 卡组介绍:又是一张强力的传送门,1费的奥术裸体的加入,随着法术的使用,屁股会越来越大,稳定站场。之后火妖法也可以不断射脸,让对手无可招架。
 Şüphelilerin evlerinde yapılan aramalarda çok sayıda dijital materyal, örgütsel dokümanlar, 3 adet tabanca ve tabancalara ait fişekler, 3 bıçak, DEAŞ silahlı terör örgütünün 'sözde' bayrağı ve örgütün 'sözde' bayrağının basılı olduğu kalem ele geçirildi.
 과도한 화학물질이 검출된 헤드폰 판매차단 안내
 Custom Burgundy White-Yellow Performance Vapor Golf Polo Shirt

######

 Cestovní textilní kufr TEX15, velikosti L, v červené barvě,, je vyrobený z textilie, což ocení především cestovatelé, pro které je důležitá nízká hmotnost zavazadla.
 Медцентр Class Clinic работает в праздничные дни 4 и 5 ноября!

######

§ **PROMPT**:
Everything starting at the line containing "Cestovní textilní kufr" and ending at the line containing "Медцентр Class Clinic" in the records above should be repeated exactly, and only that.

§ **SOLUTION TO THIS EXERCISE**:
 Cestovní textilní kufr TEX15, velikosti L, v červené barvě,, je vyrobený z textilie, což ocení především cestovatelé, pro které je důležitá nízká hmotnost zavazadla.
 Медцентр Class Clinic работает в праздничные дни 4 и 5 ноября!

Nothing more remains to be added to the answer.